On Windows, inside the Engine's installation directory is a Lang folder, and inside of that is a directory called OtherLanguages which contains the various acoustic models. On Linux, these models are in /etc/lumenvox/Lang/ by default. Simply copy the models you wish to use into the Dict directory in the Lang folder. You must stop and restart the Speech  Engine service for these new models to be available.

It is very important to note that you cannot have two acoustic models active the same time. Within an application, you could switch between English and Spanish, but you could not decode an utterance against both models at the same time. This means you cannot have two grammars with different languages active at once -- doing so will cause an error.

Each acoustic model uses a significant amount of memory, so you should not load models you will not be using. If you need models that use less memory (at a cost of being less accurate), you should see our instructions for less memory intensive models.

Continuous vs. Semi-Continuous Models

Previous to version 9.5, the LumenVox Speech Recognizer used either of two algorithms for recognizing patterns in speech – continuous or semi-continuous acoustic models.

As of version 9.5, all acoustic models have been rebuilt using the improved continuous model. If you are using a semi-continuous model on a version after 9.5, it is advised that you switch to the continuous version.

In most cases, more accuracy can be gained from the continuous model, but at the expense of processing time. The continuous model typically uses 15-20% more processing time than the semi-continuous.

If you’re using an acoustic model that does not have continuous mode support, then you must switch to the semi-continuous mode. Otherwise the Speech Recognizer will not function correctly.

If you are looking to use a continuous mode-supported acoustic model (en-AU Australian English, for example), and you’ve already declared the continuous mode in your sre_server.conf, then you only need to load the acoustic model as normal.

All languages are supported with the Semi-Continuous decoder. Please see our Continuous vs. Semi-Continuous Model page for help in switching between the model types.

Which Language to Use?

Which one you should use for your application will usually be obvious. A call router in America is best served by American English, and one in Australia by Australian English.

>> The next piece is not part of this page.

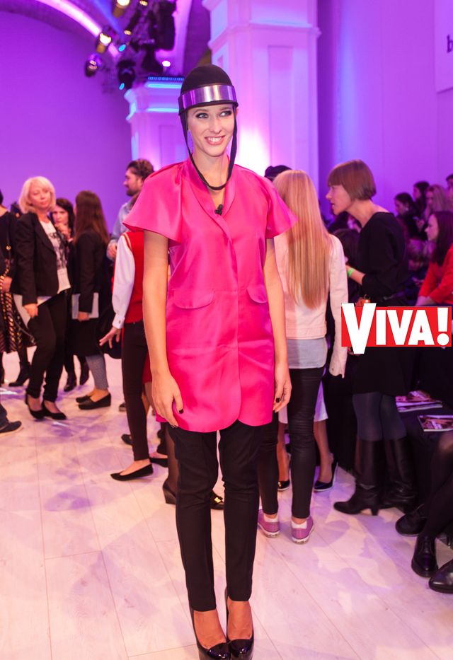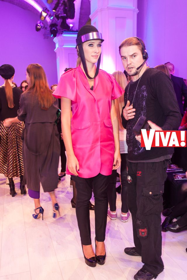 Катя Осадчая продолжает радовать своих поклонников яркими незабываемыми образами. Оригинальный наряд Катя выбрала и для Ukrainian Fashion Week. На одном из показов ведущая появилась в удлиненной розовой блузе, черных зауженных брюках и лаковых тефельках на высоких каблуках. Изюминкой образа стала черная шляпка-шлем с металлической вставкой по центру изделия и широкой лямкой.

But there are cases where it's not so clear. What if you were developing an application for South African speakers, who speak an English dialect for which there is currently no acoustic model?

In that case you may want to try UK English first, as South African English is heavily influenced by UK English, and then the other models. The same sort of logic would go for other English or Spanish dialects. For instance, if you want to recognize Spanish speakers from Spain, you would try both our Mexican and South American Spanish models to see which works best.

You may need to experiment a little bit to see which model works best for your speakers. Try different models and add phonetic spellings for words that are commonly misrecognized.